Marx K., Engels F. Ibid.

Thought and form do not just connect, they overcome each other. Thought becomes form, form becomes thought. They become one and the same. This balance, this unity is always conditional, because the reality of a work of art ceases to be a reality of history and everyday life. Giving it a form, the artist changes it in order to comprehend.

However, have we not strayed too far away from the problem of genre, carried away by reasoning about form and content, and now starting to talk about convention as well? No, we have now only come closer to our subject, because we have the opportunity, finally, to get out of the vicious circle of definitions of the genre, which we cited at the beginning. Genre - interpretation, type of form. Genre - content. Each of these definitions is too one-sided to be true to give us a convincing idea of ​​what defines a genre and how it is shaped in the process of artistic creation. But to say that the genre depends on the unity of form and content is to say nothing. The unity of form and content is a general aesthetic and general philosophical problem. Genre is a more specific issue. It is connected with a very definite aspect of this unity - with its conventionality.

The unity of form and content is a convention, the nature of which is determined by the genre. Genre is a type of convention.

Conventionality is necessary, since art is impossible without limitation. The artist is limited, first of all, by the material in which he reproduces reality. The material itself is not the form. The overcome material becomes both form and content. The sculptor strives to convey the warmth of the human body in cold marble, but he does not paint the sculpture so that it looks like a living person: this, as a rule, causes disgust.

The limited nature of the material and the limited circumstances of the plot are not an obstacle, but a condition for the creation of an artistic image.
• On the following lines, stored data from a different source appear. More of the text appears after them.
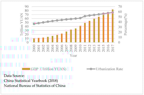 Gross Domestic Production (GDP) and urbanization rate from 2000 to 2017.
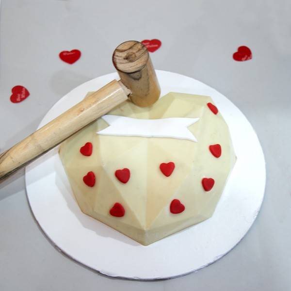 – Half Kg Heart Shape White Chocolate Pinata Cake with 3 Kitkat (13.2gm), 3 Dairy Milk (13.2 gm),2 Five Star (22gm) and 4 pc Ferrero Rocher Chocolate.
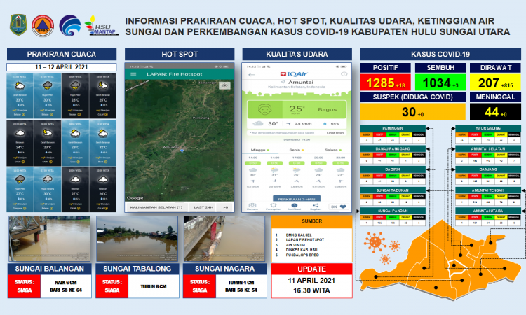 AMUNTAI - Update informasi prakiraan cuaca, hot spot, kualitas udara, ketinggian air sungai dan perkembangan kasus covid-19 Kabupaten Hulu Sungai Utara per tanggal 11 April 2021 pukul 16.30 WITA....

While working on the plot, the artist himself creates these limitations for himself.

The principles of overcoming this or that material determine not only the specifics of this art - they nourish the general laws of artistic creativity, with its constant striving for figurativeness, metaphor, subtext, the second plan, that is, the desire to avoid a mirror reflection of the subject, to penetrate beyond the surface of the phenomenon in depth in order to comprehend its meaning.

Conventionality frees the artist from the need to copy the object, makes it possible to expose the essence hidden behind the shell of the object. The genre seems to regulate convention. Genre helps to show the essence, which does not coincide with the form. The convention of the genre, therefore, is necessary in order to express the unconditional objectivity of the content, or at least the unconditional feeling of it.